▸ **Information supplied**

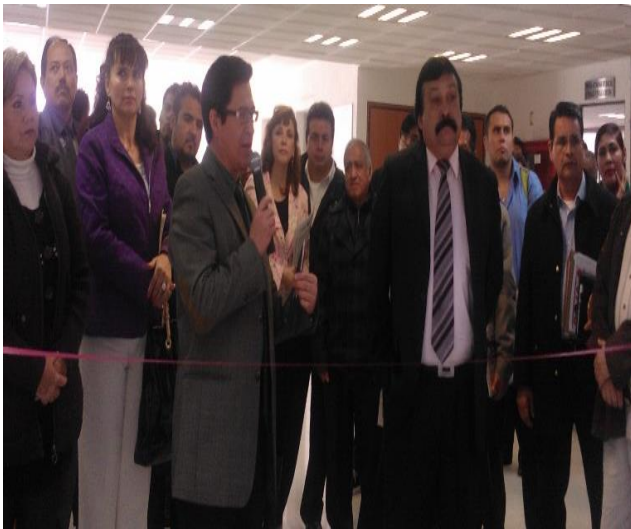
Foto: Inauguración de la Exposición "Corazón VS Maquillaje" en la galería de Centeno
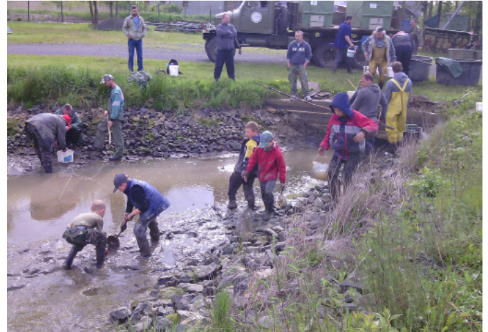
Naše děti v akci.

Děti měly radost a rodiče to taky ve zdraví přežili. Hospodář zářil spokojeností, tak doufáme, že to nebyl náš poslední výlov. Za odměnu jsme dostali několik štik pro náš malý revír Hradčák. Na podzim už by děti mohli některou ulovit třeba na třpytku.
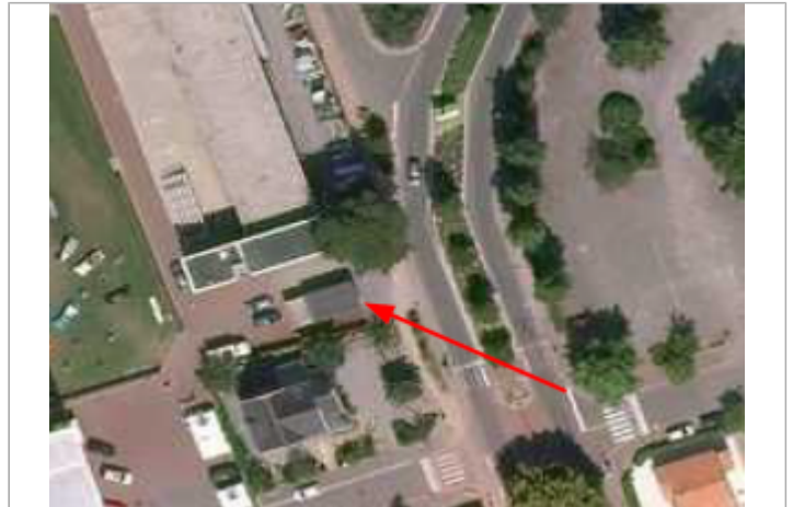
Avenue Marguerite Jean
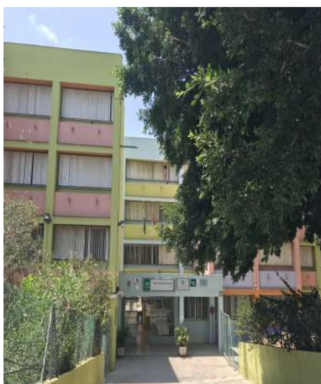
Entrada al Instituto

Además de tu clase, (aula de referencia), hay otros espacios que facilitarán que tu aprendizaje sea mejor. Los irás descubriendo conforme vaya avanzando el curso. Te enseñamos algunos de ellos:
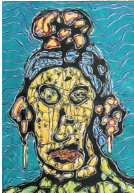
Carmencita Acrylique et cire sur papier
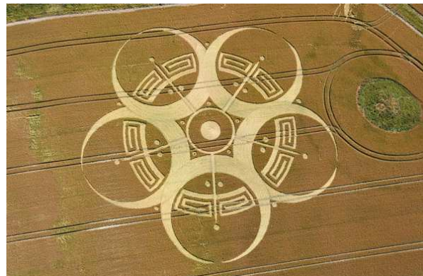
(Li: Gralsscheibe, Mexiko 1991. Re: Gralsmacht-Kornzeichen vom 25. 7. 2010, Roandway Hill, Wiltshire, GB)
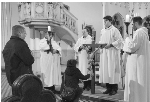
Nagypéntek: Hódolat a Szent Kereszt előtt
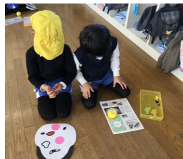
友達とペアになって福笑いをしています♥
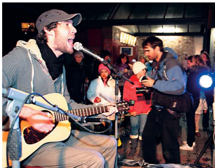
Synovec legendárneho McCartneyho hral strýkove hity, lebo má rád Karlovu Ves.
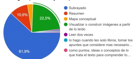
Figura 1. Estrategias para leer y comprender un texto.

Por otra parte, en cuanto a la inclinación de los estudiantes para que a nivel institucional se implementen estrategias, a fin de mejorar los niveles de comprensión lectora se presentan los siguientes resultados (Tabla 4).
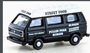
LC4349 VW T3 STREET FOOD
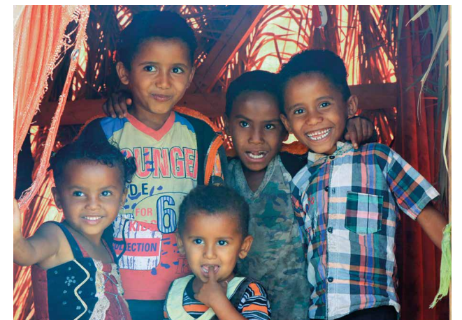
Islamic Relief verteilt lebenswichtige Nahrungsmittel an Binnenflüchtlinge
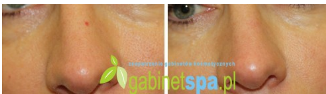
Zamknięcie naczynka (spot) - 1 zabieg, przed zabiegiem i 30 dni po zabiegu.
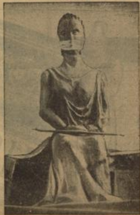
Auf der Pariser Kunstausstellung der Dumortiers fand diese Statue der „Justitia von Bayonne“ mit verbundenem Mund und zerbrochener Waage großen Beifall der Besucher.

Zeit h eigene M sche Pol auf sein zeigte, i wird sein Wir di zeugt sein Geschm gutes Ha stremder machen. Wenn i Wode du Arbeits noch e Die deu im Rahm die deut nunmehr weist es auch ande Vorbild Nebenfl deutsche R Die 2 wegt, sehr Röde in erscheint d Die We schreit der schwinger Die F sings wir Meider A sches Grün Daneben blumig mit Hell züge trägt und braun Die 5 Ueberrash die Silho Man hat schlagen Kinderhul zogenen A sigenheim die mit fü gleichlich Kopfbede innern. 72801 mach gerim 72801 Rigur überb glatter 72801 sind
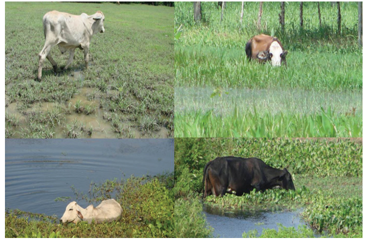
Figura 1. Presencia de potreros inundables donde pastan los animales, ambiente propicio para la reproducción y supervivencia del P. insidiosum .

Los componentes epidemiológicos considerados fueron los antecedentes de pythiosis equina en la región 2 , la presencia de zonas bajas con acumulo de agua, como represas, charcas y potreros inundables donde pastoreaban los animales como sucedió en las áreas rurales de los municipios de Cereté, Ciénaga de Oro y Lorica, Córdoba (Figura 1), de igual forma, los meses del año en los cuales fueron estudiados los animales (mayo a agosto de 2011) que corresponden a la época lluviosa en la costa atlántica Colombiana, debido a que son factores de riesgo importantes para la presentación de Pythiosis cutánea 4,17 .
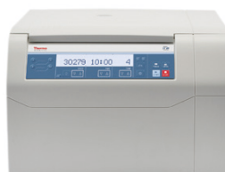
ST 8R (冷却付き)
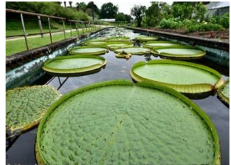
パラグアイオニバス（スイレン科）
==
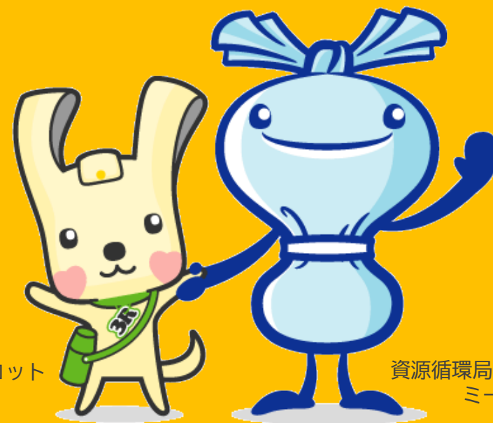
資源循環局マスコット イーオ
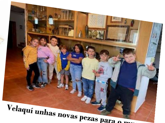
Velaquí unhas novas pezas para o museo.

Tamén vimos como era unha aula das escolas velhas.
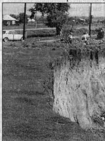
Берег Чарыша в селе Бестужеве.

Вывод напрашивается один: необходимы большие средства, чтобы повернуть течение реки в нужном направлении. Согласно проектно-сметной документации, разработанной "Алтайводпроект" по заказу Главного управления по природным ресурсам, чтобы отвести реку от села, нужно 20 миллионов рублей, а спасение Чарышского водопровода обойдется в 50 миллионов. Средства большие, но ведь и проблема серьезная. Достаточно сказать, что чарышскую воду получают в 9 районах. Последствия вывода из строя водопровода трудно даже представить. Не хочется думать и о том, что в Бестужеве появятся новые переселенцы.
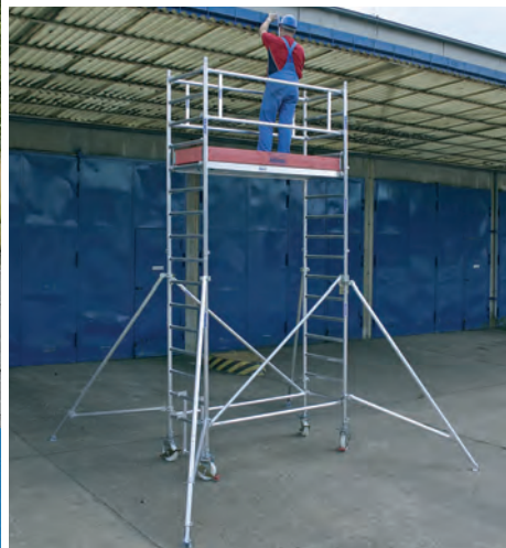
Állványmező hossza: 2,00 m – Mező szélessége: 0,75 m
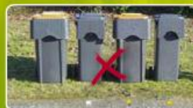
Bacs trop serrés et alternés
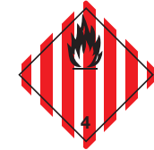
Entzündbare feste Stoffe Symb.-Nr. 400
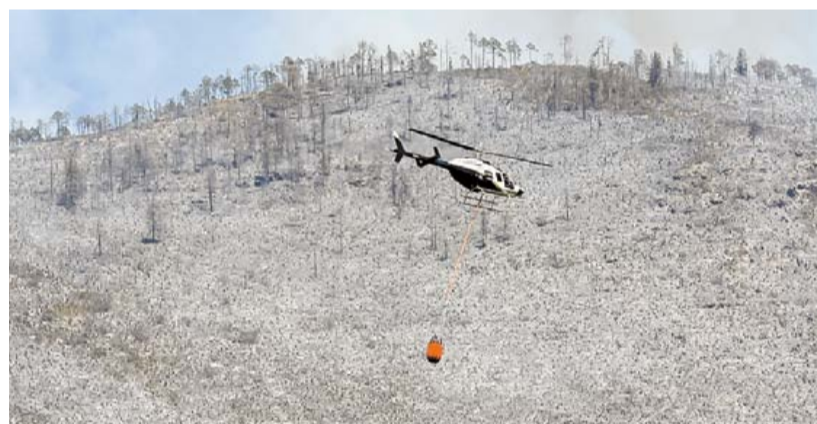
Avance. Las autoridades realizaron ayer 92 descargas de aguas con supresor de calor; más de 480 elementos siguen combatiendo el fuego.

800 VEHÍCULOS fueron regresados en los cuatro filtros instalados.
---
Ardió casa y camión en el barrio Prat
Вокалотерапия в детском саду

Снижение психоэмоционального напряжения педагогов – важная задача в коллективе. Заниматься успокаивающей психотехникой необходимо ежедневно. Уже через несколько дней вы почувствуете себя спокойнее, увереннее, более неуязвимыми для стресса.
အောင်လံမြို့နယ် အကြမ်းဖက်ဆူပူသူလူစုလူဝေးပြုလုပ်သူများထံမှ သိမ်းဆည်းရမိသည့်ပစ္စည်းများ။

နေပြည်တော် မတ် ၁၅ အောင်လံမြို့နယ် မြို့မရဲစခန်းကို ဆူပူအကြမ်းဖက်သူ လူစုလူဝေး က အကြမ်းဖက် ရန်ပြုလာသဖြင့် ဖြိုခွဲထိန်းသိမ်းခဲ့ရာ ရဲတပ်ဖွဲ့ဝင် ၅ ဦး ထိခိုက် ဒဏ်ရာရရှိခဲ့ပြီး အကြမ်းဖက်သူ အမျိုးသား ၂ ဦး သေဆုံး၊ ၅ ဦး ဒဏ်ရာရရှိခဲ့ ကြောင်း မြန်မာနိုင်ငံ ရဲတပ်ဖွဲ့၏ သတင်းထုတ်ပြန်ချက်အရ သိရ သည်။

▸ **Problem statement**
Within the entries above, how many lines contain the word "aula"? State the number only.

▸ **Result for this task**
2